Postoperative MI usually occur within 24 hours of surgery but about 10% occur more than 1 day postoperatively.



  • Short-term mortality is directly correlated to the level of troponin elevation and ranges from 3.5% to 25%. Moreover, even postoperative troponin leak negatively impacts long-term survival.
  • The underlying pathology determines optimal management.

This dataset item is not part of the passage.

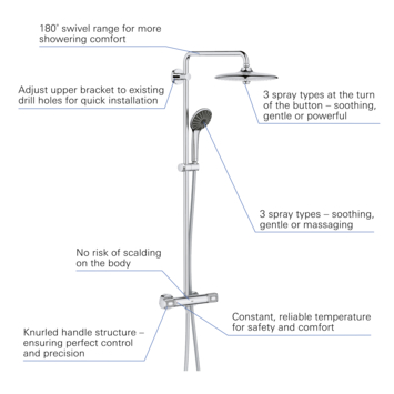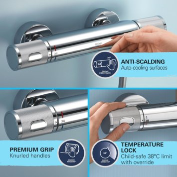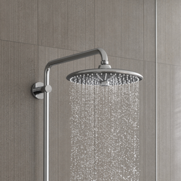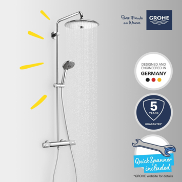 Transformeer je douchebeleving met de Grohe Quickfix Vitalio Joy 260 regendoucheset in chroom. Deze regendoucheset biedt een moderne uitstraling en geavanceerde functionaliteit, perfect voor elke badkamerupgrade. Met zowel de regendouchekop als de handdouche voorzien van drie straalstanden, heb je altijd de juiste instelling voor jouw ideale douche-ervaring. Of je nu een zachte regenstraal of een krachtige straal nodig hebt, deze set levert het allemaal. De thermostaatkraan zorgt ervoor dat je eenvoudig de gewenste watertemperatuur kunt instellen, voor een comfortabele en veilige douche. Dankzij de anti-kalk functie blijft je doucheset vrij van kalkaanslag, wat het onderhoud aanzienlijk vergemakkelijkt. De waterbesparende technologie draagt bij aan een lager waterverbruik zonder dat je concessies doet aan het comfort van je douche. Met de verstelbare handdouchehouder kun je de handdouche eenvoudig op de juiste hoogte zetten. De omstelknop maakt het makkelijk om tussen de regendouche en de handdouche te schakelen. De 150 cm lange anti-twist slang biedt de nodige bewegingsvrijheid en voorkomt dat de slang in de knoop raakt, zodat je ongestoord kunt genieten van je douche. De Grohe Quickfix Vitalio Joy regendoucheset komt met alle benodigde bevestigingsmaterialen, waardoor je de set snel en zonder gedoe kunt installeren. Deze set is de ideale keuze voor een stijlvolle en functionele upgrade van je badkamer.

    • Type 1 postoperative MI with true ST-elevation MI is uncommon and generally treated as a traditional ACS. Risks of management (increased surgical site bleeding) and benefits (of restoring coronary blood flow) need to be carefully weighed with the surgical team prior to initiation of therapy.
    • Type 2 postoperative MI is best treated by restoring the oxygen supply-demand imbalance. Analgesics and beta-blockers are titrated to reduce the heart rate below 60 beats per minute

  • Recognition and treatment includes management of arrhythmias, volume resuscitation and transfusion.






Pathophysiology



Type 1 PMI



Traditional MIs result from an acute coronary syndrome (ACS). More to the point, a vulnerable plaque experiences a spontaneous rupture. This is often associated with plaque inflammation in the face of high emotional or physiologic stress situations. These stressors are common in the perioperative setting where sympathetic tone is high due to release of catecholamines. Additionally, hemodynamic instability is common, and coronary vasoconstriction may occur. The end result is that intracoronary plaques may rupture, initiating the coagulation cascade and the resultant type 1 PMI.



Type 2 PMI



Type 2 PMI is associated with myocardial oxygen supply and demand imbalances and is more common in operative than in nonoperative settings. The main driver for type 2 PMI is tachycardia. Patients with significant coronary artery disease (typically > 70% stenosis) and left ventricular hypertrophy (which increases myocardial demand) quickly overwhelm oxygenation delivery at elevated heart rates. The tachycardia is driven by myriad forces such as increased adrenergic tone, postoperative pain, systemic vasodilation, hypovolemia, and anemia. Electrocardiographically this presents as ST-depression rather than overt ST-elevation MI in the bulk of cases.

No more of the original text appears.